Human
— Tina, nous devons parler.
— Maman, si c'est Papa qui t'envoie pour savoir...
— Non, mais ça concerne bien Ove.
Oh-vé. Elle avait prononcé son nom Oh-vé. Ça m'a fait drôle, parce que je l'avais déjà entendu dire « Ô-veuh », mais je ne l'ai pas reprise.
— Mais je ne suis pas amoureu...
— Ce n'est pas la question, Tina, m'a reprise ma mère. Ou plutôt ça pourrait l'être, mais pas tout de suite.
J'ai levé un sourcil, intriguée par ce discours. Ma mère et sa formation lettres anciennes... Parfois elle parle comme une Pythie.
— Ove est malheureux, m'a-t-elle déclaré.
— Oui, j'ai remarqué. Il est stressé parce que...
— Non. Je n'ai pas dit « stressé. J'ai dit « malheureux ». Il porte un fardeau trop lourd pour lui. Je ne sais pas encore si tu l'aimes, cariño, mais tu dois comprendre une chose : même si cela n'excuse pas son attitude parfois immature envers toi ou envers certains d'entre nous, il souffre et il s'en cache. Ton père et moi en avons discuté : nous avons essayé de comparer les différentes attitudes de ces hommes envers toi.
Là, j'ai commencé à me sentir mal à l'aise. Mais ma mère, même si elle devait sentir ce malaise grandissant, a continué sans s'en émouvoir :
— Saburo est un peu réservé, mis à l'écart, mais je ne crois pas qu'il te veuille du mal. Les autres te protègent et t'aiment, chacun à leur échelle et à leur manière – même s'il est indéniable que Sawyer a été très rude avec toi ces derniers temps. Ton père t'a expliqué que Sawyer souffrait de t'entraîner et c'est la vérité, mais il faut que tu saches...

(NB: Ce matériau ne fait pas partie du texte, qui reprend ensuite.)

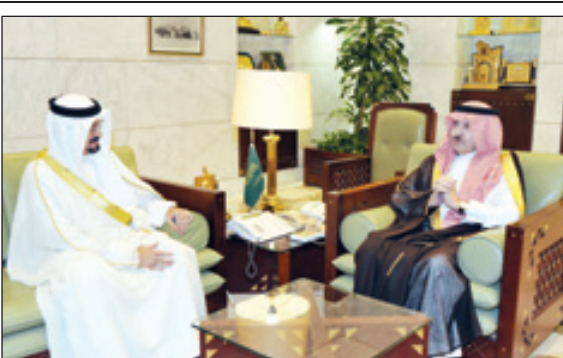
الأمير سطاتم مستقبلاً السفير البحريني
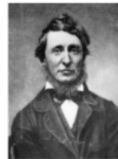
Henry David Thoreau (1817-1862)
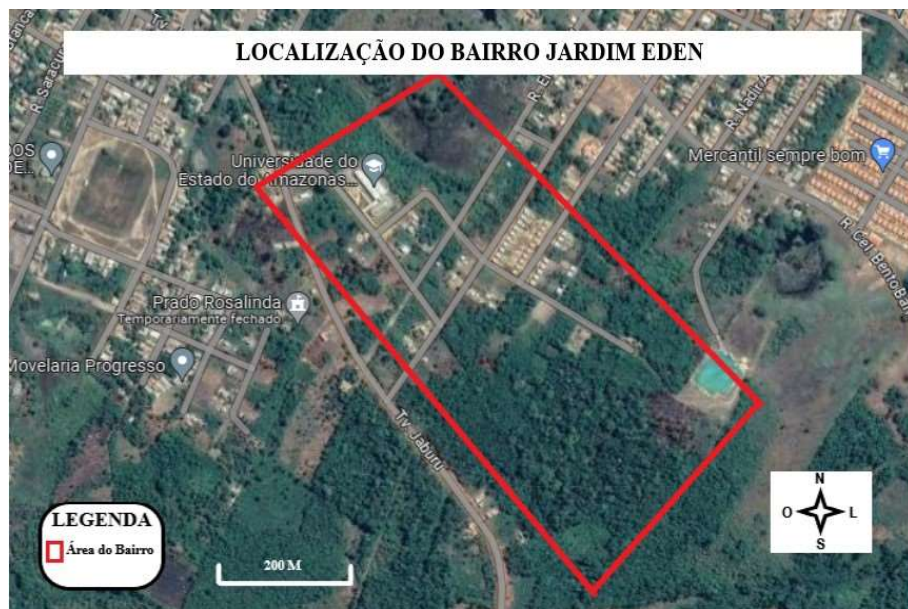
Figura 03: Bairro Jardim do Eden.

Fonte: Google Maps / Organizador: Paulo Duílio 2023.
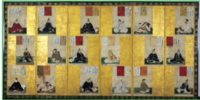
三十六歌仙絵屏風 (36 Immortal Poets Screen)

元々は1人ずつ額になっていたのを屏風の形に貼り合わせたものである。浅井長政 あざいながまさ (1545-1573) の家臣であった遠藤喜右衛門 えんどうき えもん が戦いの勝利を願って、1569年に多賀大社に納めたもので、県の指定文化財である。
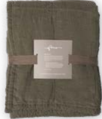
Yara 130 forest 140x260 cm · 55,1x102,4 in 100 % LI Füllung | Filling: 100 % PES
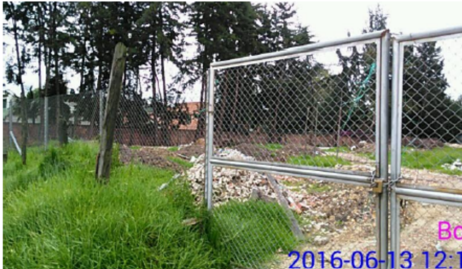
Fotografía 3. Se puede observar la disposición de RCD mezclados en el predio sin las medidas de manejo ambiental.
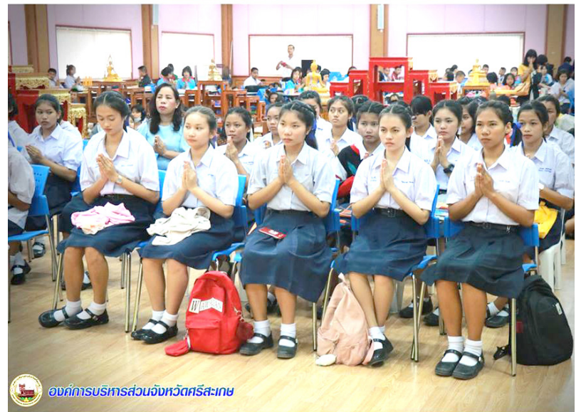
องค์การบริหารส่วนจังหวัดศรีสะเกษ
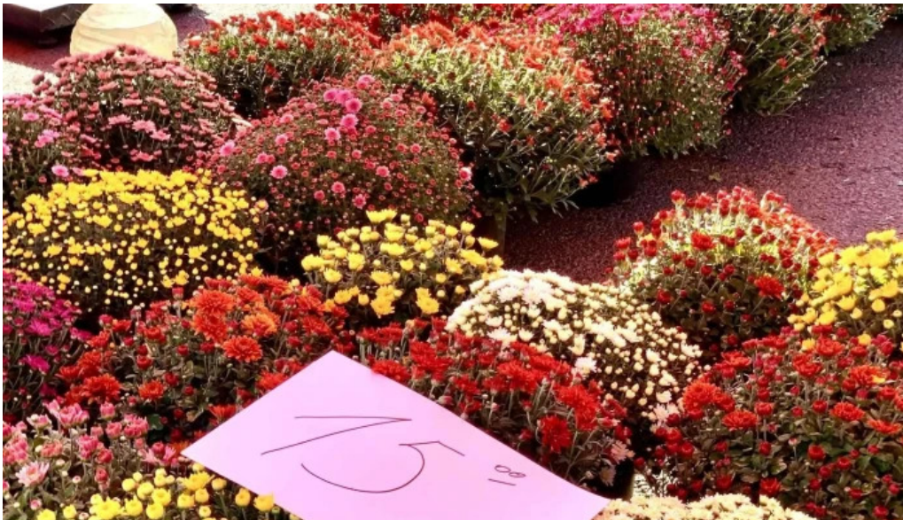
Piata agroalimentara branesti deschis acum
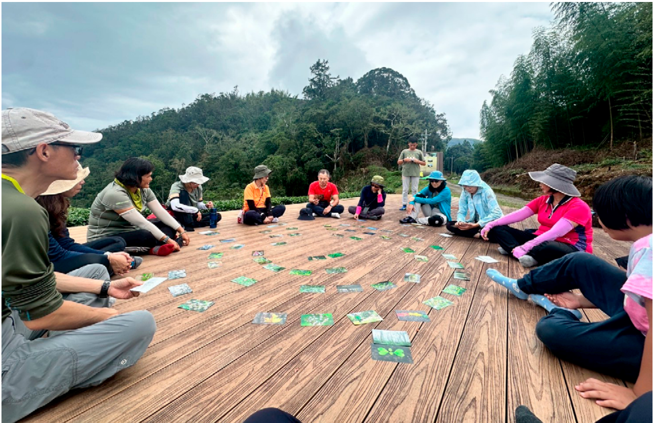
▲草嶺石壁與自然對話

在草嶺的與自然對話，新桃子讓我們在大自然中，在森林裡靜下心來，不管是躺下閉目，或是慢慢的繞圈圈，霧來霧散，時而下雨，時而出太陽，不管是什麼樣的體驗，會覺得大自然就是這樣在運行著，我們是這樣的渺小，有什麼好過
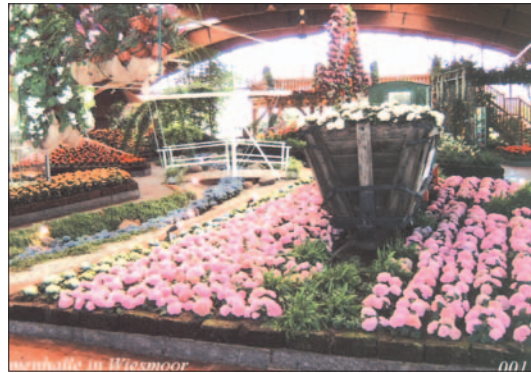
Farbenprächtige Blumenhalle in Wiesmoor

Elle a levé la main pour m'interrompre : j'allais intervenir au sujet de Sawyer.
— Mais il faut que tu saches, Tina, que Ove – bien que je n'apprécie nullement son attitude générale – tient à toi comme à la prunelle de ses yeux.
— Ça, c'est une impression. Tu dis ça parce que c'est le seul Proscrit qui ait toujours le pouvoir de me pro...
— Non. Non, ma chérie.
Ma mère fronçait les sourcils et plissait les lèvres. La compbinaison des deux n'est jamais bon signe.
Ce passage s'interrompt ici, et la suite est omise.